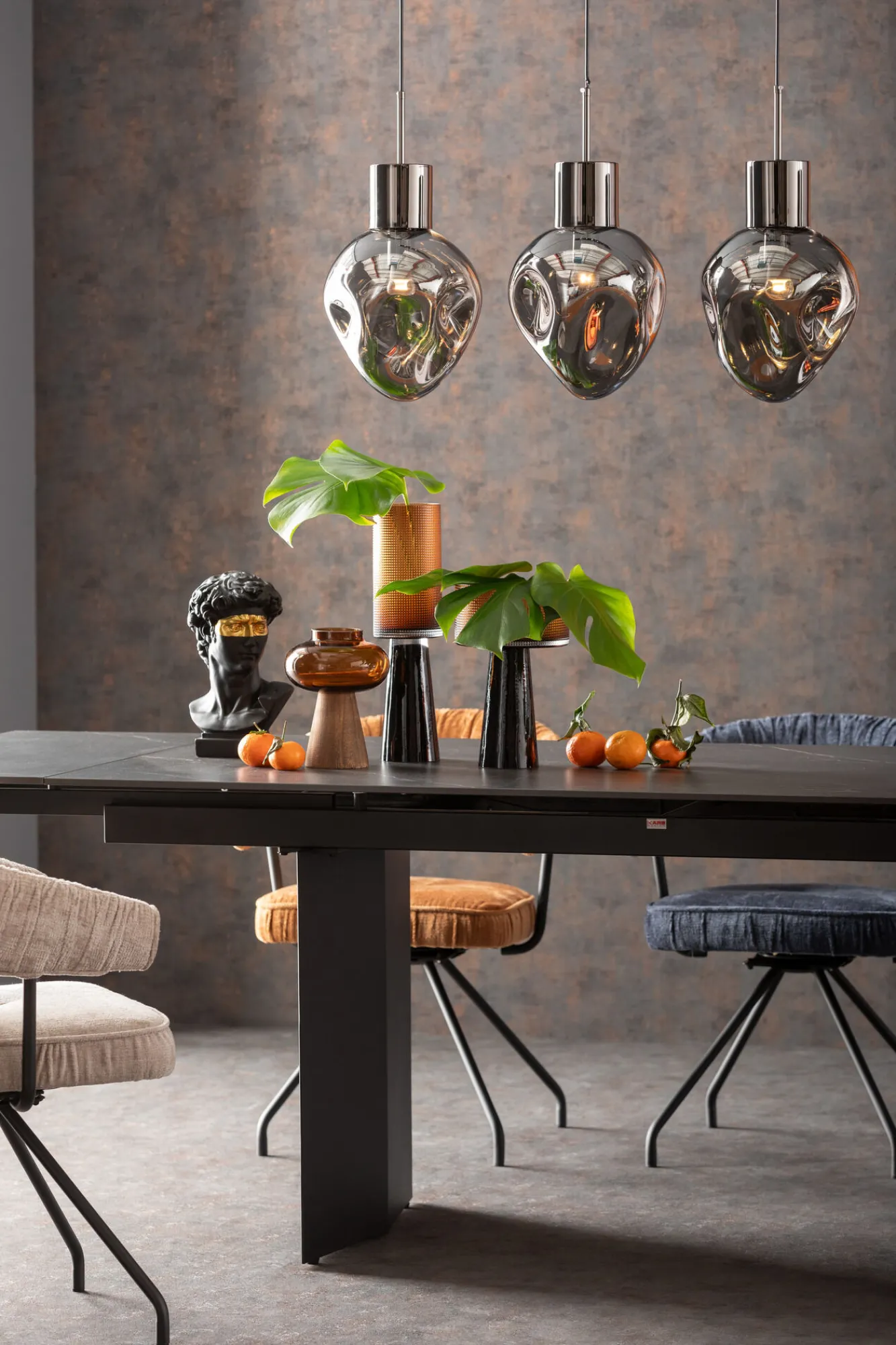 Lampa wisząca przydymiona 4L stal i szkło 110 cm
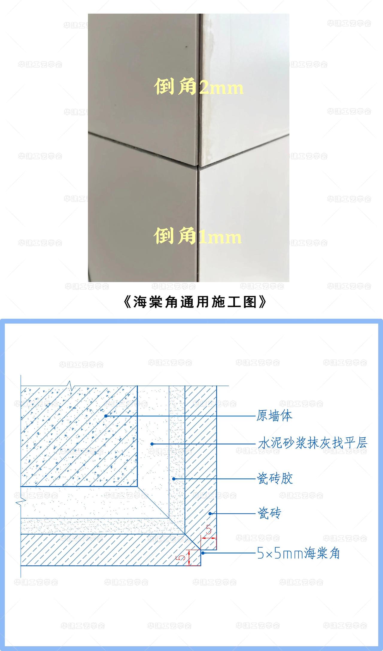 海棠角: 是指在两块石材、瓷砖进行"45"磨斜边的基础上,每块“对接边”需倒“直角”,以致两块石材阳角对接时,一般形成“5*5mm工艺凹槽”,俗称“海棠角”。 海棠角中间拼起来的缝,方便后期做美缝。 装修 室内装修设计 海棠角 设计师
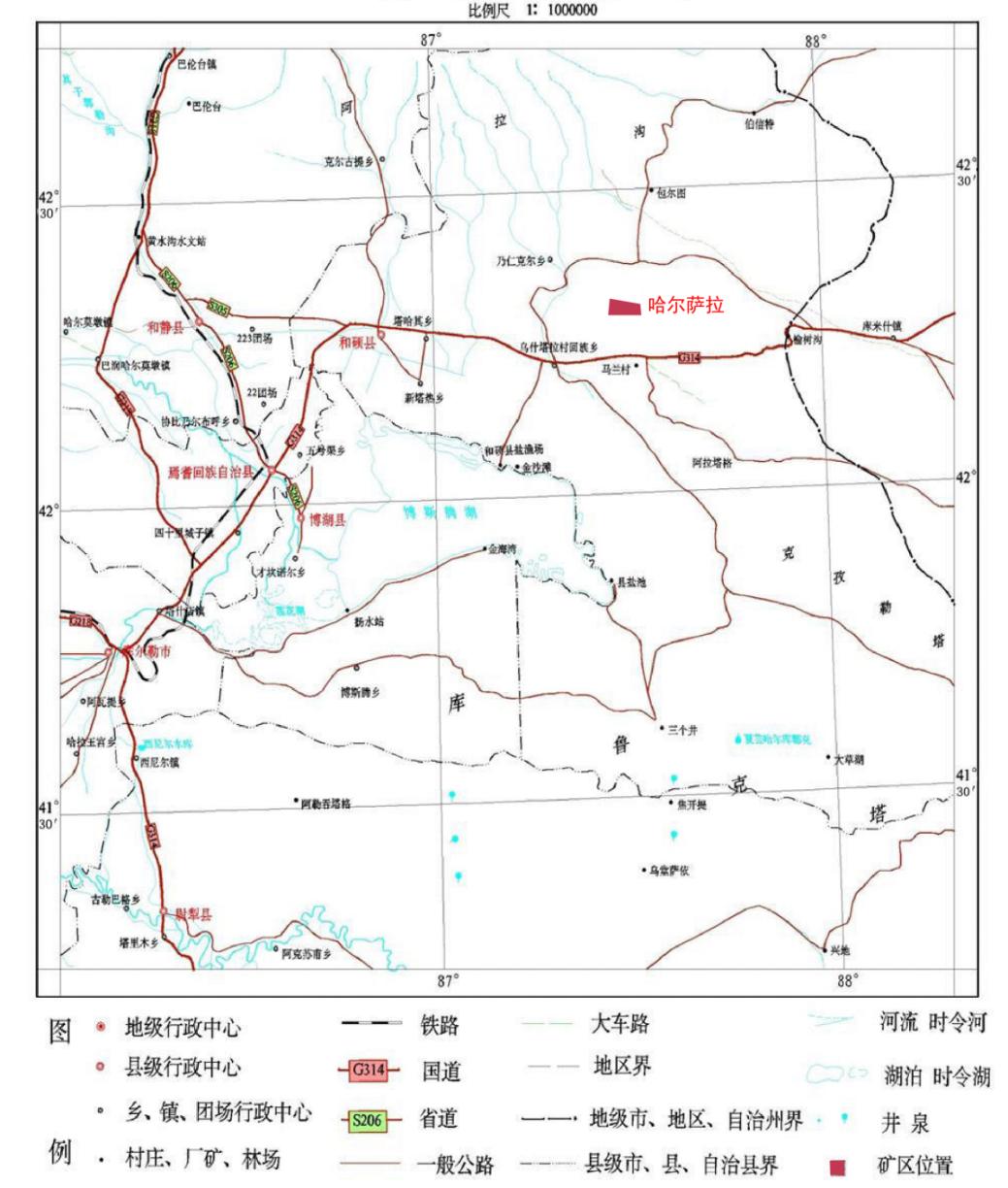 勘查區(qū)位于新疆巴音郭楞蒙古自治州和碩縣城88°方位直線距離約55千米處,距烏什塔拉鄉(xiāng)73°方位直線距離約22千米,行政區(qū)劃隸屬新疆和碩縣烏什塔拉鄉(xiāng)管轄??辈閰^(qū)距離馬蘭火車站僅15千米,距離烏什塔拉工業(yè)園38千米??辈閰^(qū)中心地理坐標(CGCS2000坐標系):東經(jīng)87°28′47.52″,北緯42°18′37.79″。從和碩縣烏什塔拉鄉(xiāng)G314國道岔口有簡易土路可直達勘查區(qū)東部,交通較為方便。
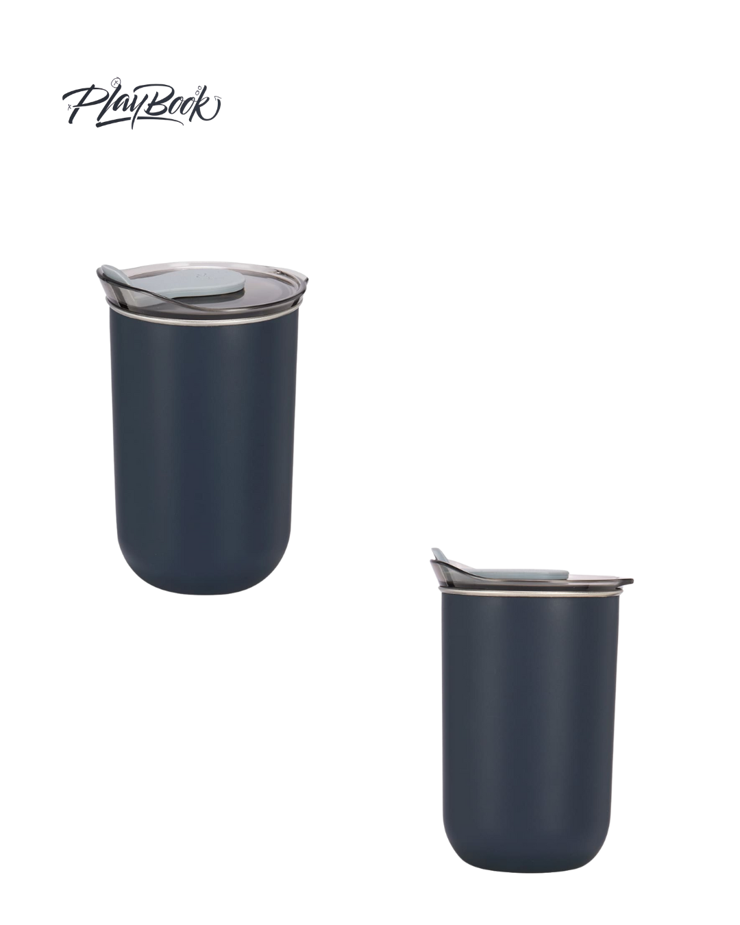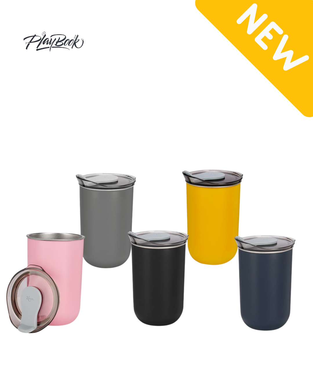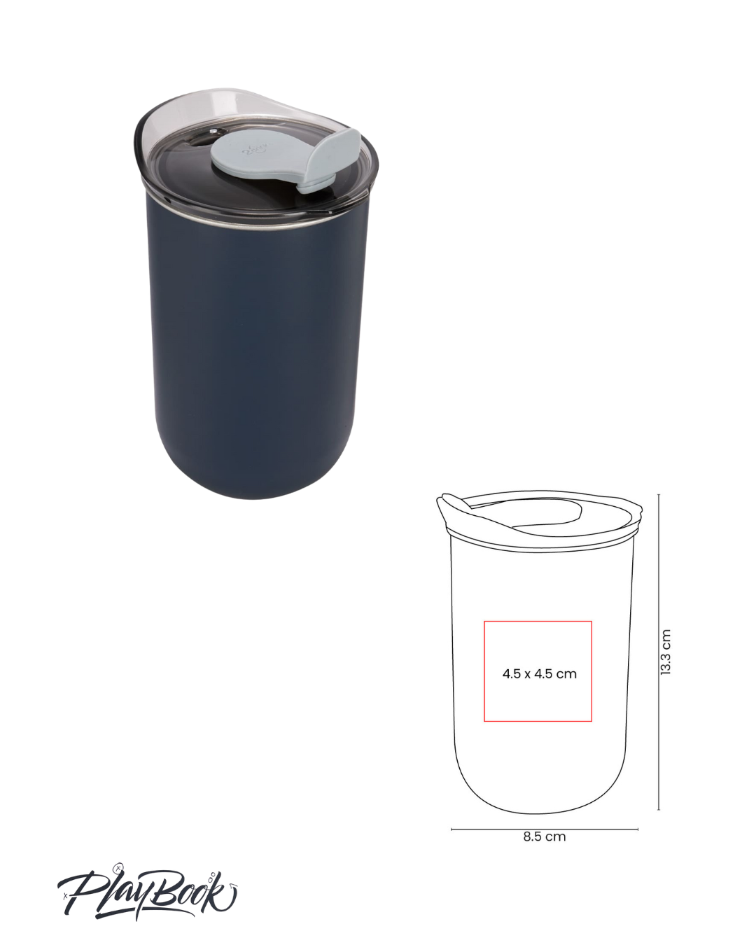 Doble pared. Pared interna de acero inoxidable y externa de plástico. Tapa de plástico con sistema push y sobretapa de silicón movible. Incluye caja individua

★ ★ ★ ★

**WHAT TO PRODUCE**.
Using the listing above, set down exactly each line from the one containing "室内装修设计 海棠角 设计师" through the final line, and leave out pictures.

**TASK RESULT**.
 海棠角: 是指在两块石材、瓷砖进行"45"磨斜边的基础上,每块“对接边”需倒“直角”,以致两块石材阳角对接时,一般形成“5*5mm工艺凹槽”,俗称“海棠角”。 海棠角中间拼起来的缝,方便后期做美缝。 装修 室内装修设计 海棠角 设计师
 勘查區(qū)位于新疆巴音郭楞蒙古自治州和碩縣城88°方位直線距離約55千米處,距烏什塔拉鄉(xiāng)73°方位直線距離約22千米,行政區(qū)劃隸屬新疆和碩縣烏什塔拉鄉(xiāng)管轄??辈閰^(qū)距離馬蘭火車站僅15千米,距離烏什塔拉工業(yè)園38千米??辈閰^(qū)中心地理坐標(CGCS2000坐標系):東經(jīng)87°28′47.52″,北緯42°18′37.79″。從和碩縣烏什塔拉鄉(xiāng)G314國道岔口有簡易土路可直達勘查區(qū)東部,交通較為方便。
 Doble pared. Pared interna de acero inoxidable y externa de plástico. Tapa de plástico con sistema push y sobretapa de silicón movible. Incluye caja individua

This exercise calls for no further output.